Eligibility criteria
The population, concept and context (PCC) framework was applied to define the eligibility criteria for this review, as follows: Population (P): human individuals with medial knee instability, as well as healthy knees used as a control group in comparative studies. Cadaveric models and validated biomechanical simulations that reproduce the condition of medial ligament instability were also included; Concept (C): use of DUS as a diagnostic tool for medial knee instability, either in isolation or in comparison with other recognised methods, such as MRI (conventional or dynamic), stress radiography, standardised clinical examinations, or arthroscopy surgery. The focus was on primary ligament injuries, both acute and chronic, and Context (C): studies conducted in clinical, academic, or experimental settings, including hospitals, imaging centres and anatomical and biomechanical laboratories.
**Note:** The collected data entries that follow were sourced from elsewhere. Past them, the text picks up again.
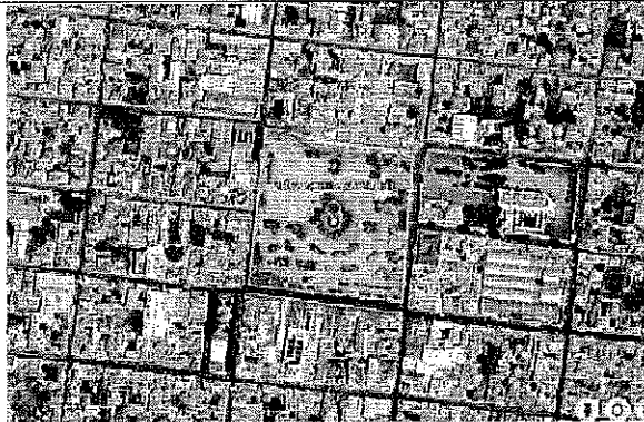
UBICACIÓN DE LA FERIA PATRONAL DE ACATZINGO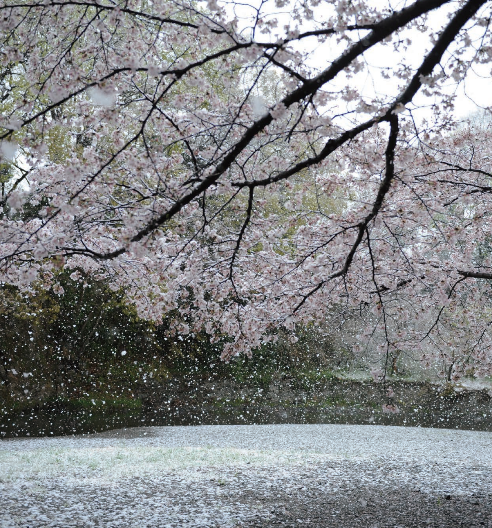
【表紙】 稚魚の放流（関連記事 27P）【裏表紙】 4月に降る雪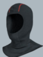
Подшлемник ЭНЕРГО НЛПШ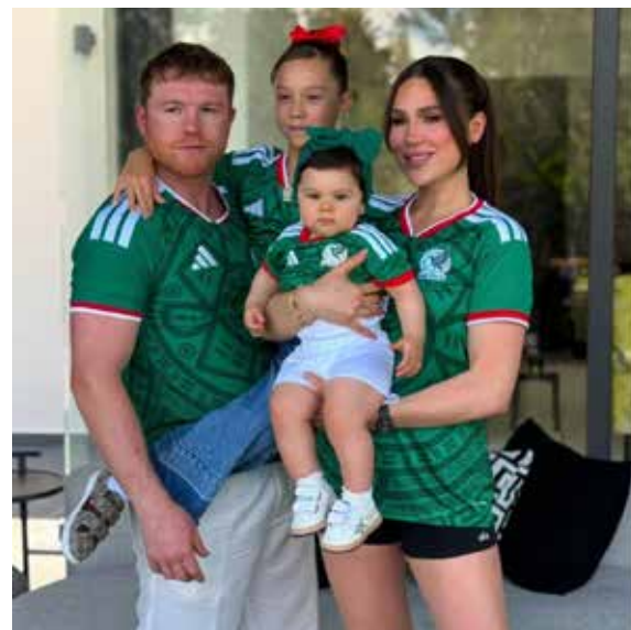
Saúl "El Canelo" Álvarez junto a su familia.

Las bellezas del pop no se quedan atrás en esta fiesta de pasión. La bellísima Belinda ha encendido las gradas luciendo un jersey personalizado con cristales y contagiando con su energía a todos los que siguen de cerca cada encuentro. Asimismo, la carismática María José "La Josa" y los chicos de "Matisse" se han sumado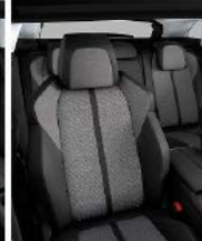
Темная искусственная кожа + ткань 'Piedimonte'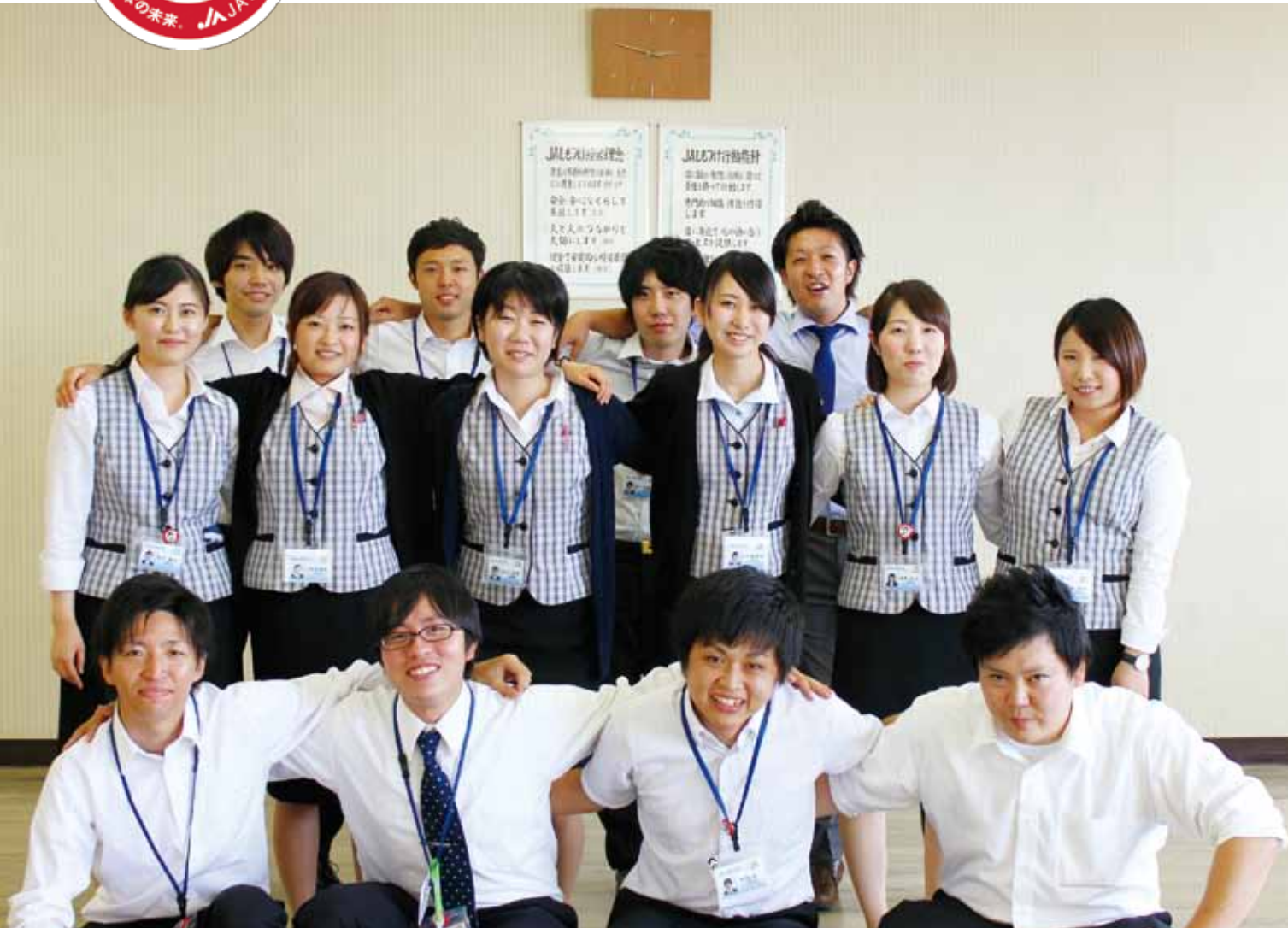
私たち本採用になりました 平成28年度新入職員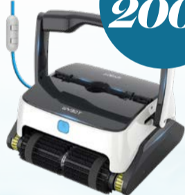
ROBOT NETTOYEUR OPSON / OPSON POOL CLEANER Code : 29687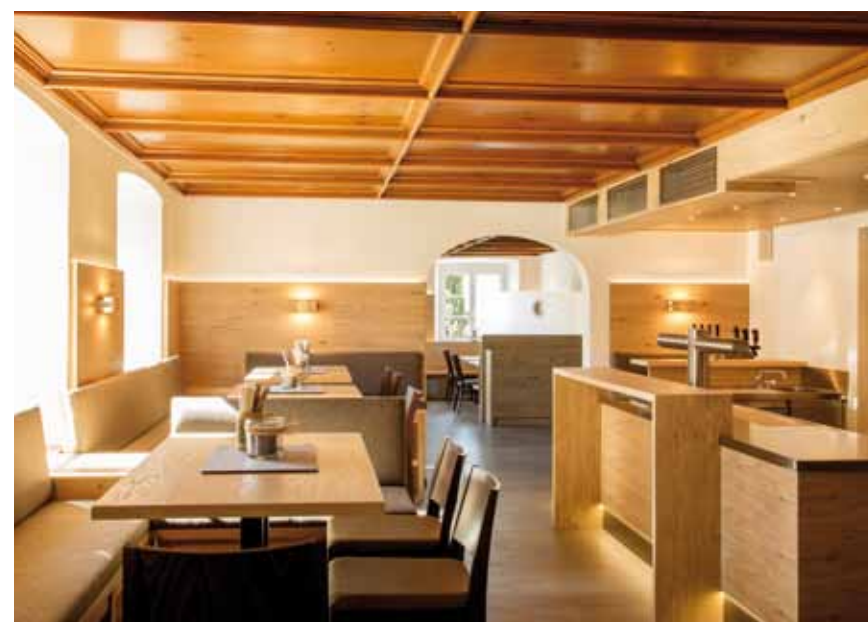
Auch die Ausstattung der Gasträume eines Hotels ist für Wagner Möbel kein Hindernis - sondern Auftrag, Aufgabe, Herausforderung.

tinuierlich erweitert. In der hauseigenen Polsterei wird man heute dem Relaunch der alten Sofalandschaft ebenso wie der neuen Wandbespannung gerecht. Die Designer entwerfen werbliche und dekorie-

In this context, studies falling into at least one of the following methodological categories were included: (i) diagnostic accuracy studies comparing DUS with accepted reference methods; (ii) clinical observational studies (cross‐sectional, cohort, or case‐control) investigating the application or performance of DUS; (iii) experimental studies with cadaveric models or validated biomechanical simulations exploring the behaviour of medial ligaments during dynamic tests; and (iv) systematic reviews with a compatible scope. Case reports, technical comments, or other forms of non‐systematic literature were also considered if they provided relevant information for the practice of DUS in assessing medial knee instability and allowed for clear and systematic data extraction. The inclusion of these documents is in accordance with the exploratory nature of scoping reviews [7, 17]. Studies that exclusively used static ultrasound, investigations focused on non‐ligamentous structures (menisci, cartilage or bone) unless directly associated with medial instability, and documents that do not allow the extraction of relevant minimum data were excluded.
Sources of information
A thorough search was conducted in PubMed/MEDLINE, Scopus, Web of Science, Embase, and CINAHL. These databases were selected for their complementary indexing, multidisciplinary scope and significance in evidence‐based health research, as endorsed by recent recommendations for improving search strategies in systematic reviews [7]. Google Scholar was used to identify grey literature materials, such as dissertations, theses, and academic reports. A manual search of the reference lists of the included studies was performed to identify additional works. No restrictions were applied regarding language, publication date or editorial status.
Search strategy
The search strategy was developed using controlled descriptors and text words related to DUS, medial knee instability, and ligamentous structures, including “ultrasound” [Title/Abstract] OR “ultrasonography” [Title/Abstract] OR “sonography” [Title/Abstract] OR “diagnostic imaging” [MeSH Terms]) AND (“knee” [Title/Abstract] OR “knee joint” [Title/Abstract]) AND (“medial collateral ligament” [Title/Abstract] OR “MCL” [Title/Abstract] OR “medial ligament” [Title/Abstract] OR “medial knee instability” [Title/Abstract]) AND (“dynamic” [Title/Abstract] OR “stress” [Title/Abstract] OR “valgus” [Title/Abstract]. Search strategies were developed in collaboration with a research librarian [3]. Each search was adapted to the specific syntax and indexing system of each database. The final search was completed on 6 May 2025. Detailed, database‐specific search strategies are provided in Supporting Information: S1.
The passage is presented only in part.